__What needs to be done__. From the top of the entries, reproduce each line exactly, stopping after the line that contains "The National Weather". Omit pictures.
═════ Records provided ═════
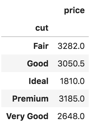 price = df[['cut', 'price']].groupby('cut').median().round(2)
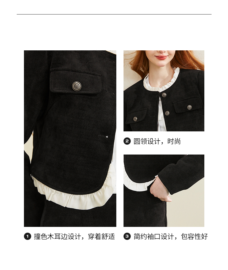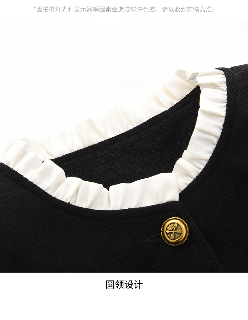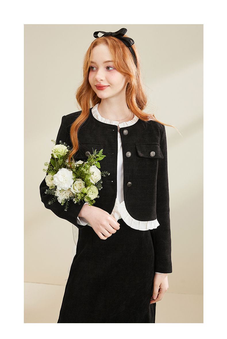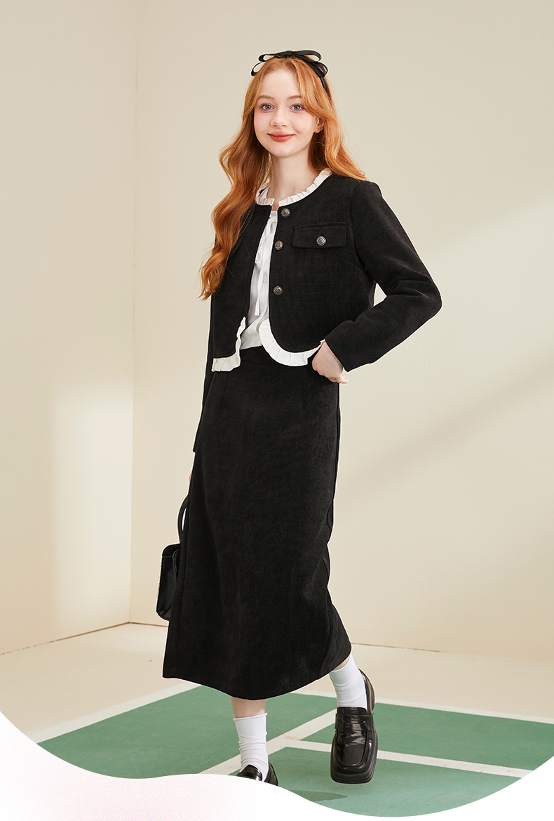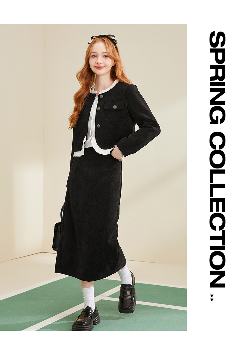 mc2小香风套装女2024春装新款圆领拼木耳边配直筒半裙气质两件套
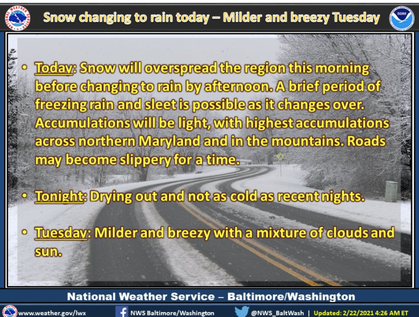 The National Weather Service placed Harford County on alert for winter weather Monday, Feb. 22.
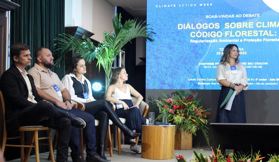 No dia 26, a técnica Isabel Nepomuceno esteve presente na palestra “Diálogos sobre clima e Código Florestal: regularização ambiental e proteção florestal”, realizada durante o evento Rio Climate Action Week, no Centro Cultural Banco do Brasil (CCBB), no Rio de Janeiro.
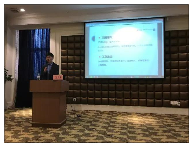 國(guó)能中電非電事業(yè)部總工程師納宏波博士在技術(shù)研討會(huì)會(huì)場(chǎng)就“炭基催化劑干法煙氣多污染物一體化脫除技術(shù)”與大家分享最近技術(shù)成果。
═════
__Output of the exercise__.
 price = df[['cut', 'price']].groupby('cut').median().round(2)
 mc2小香风套装女2024春装新款圆领拼木耳边配直筒半裙气质两件套
 The National Weather Service placed Harford County on alert for winter weather Monday, Feb. 22.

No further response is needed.